§ Information shown
<<<<
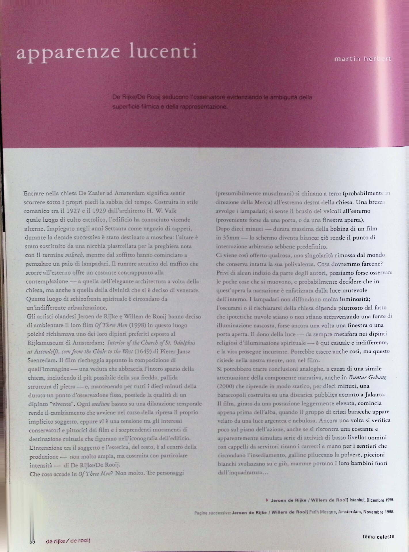 | Descrizione | Articolo su Jeroen de Rijke e Willem de Rooij, autori dei film Of Three Man, che presenta tre personaggi musulmani, e Bantar Jebang, incentrato su una baraccopoli di Jakarta. |
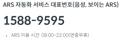 ARS 자동화 서비스는 1588-9595를 통해 제공되며, 연중무휴로 오전 8시부터 오후 10시까지 이용 가능합니다.
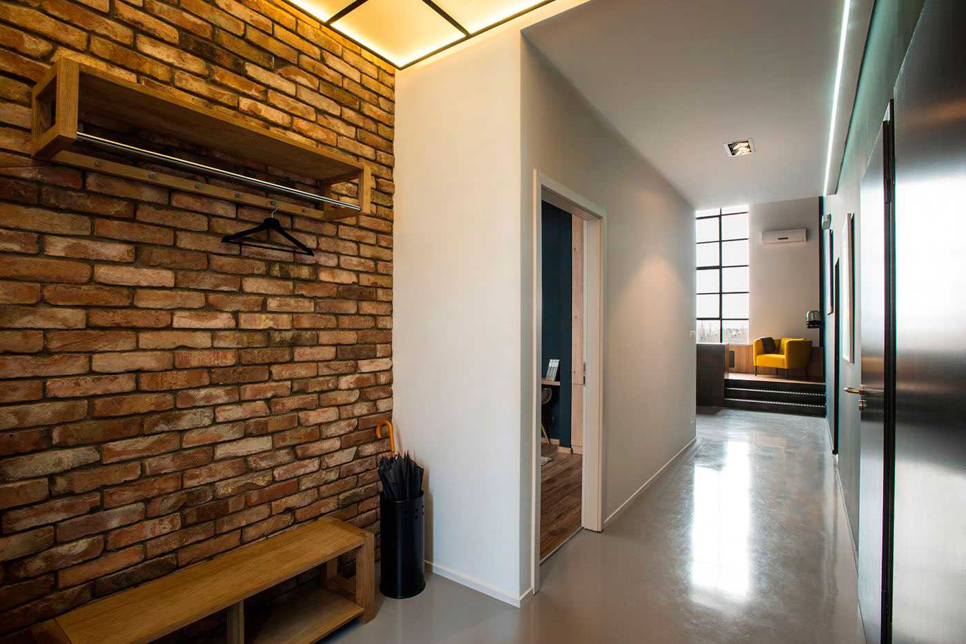 Весьма популярен кирпич в интерьере прихожей, однако он занимает полезную площадь комнаты.
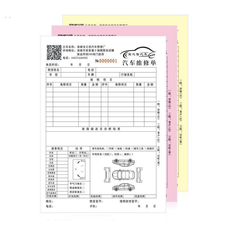 汽车维修单印刷二联销售单三联维修服务单报价服务单凭证
>>>>
§ Exercise directions
Exact copy, pictures removed: set down the whole listing above.

§ Your solution
 | Descrizione | Articolo su Jeroen de Rijke e Willem de Rooij, autori dei film Of Three Man, che presenta tre personaggi musulmani, e Bantar Jebang, incentrato su una baraccopoli di Jakarta. |
 ARS 자동화 서비스는 1588-9595를 통해 제공되며, 연중무휴로 오전 8시부터 오후 10시까지 이용 가능합니다.
 Весьма популярен кирпич в интерьере прихожей, однако он занимает полезную площадь комнаты.
 汽车维修单印刷二联销售单三联维修服务单报价服务单凭证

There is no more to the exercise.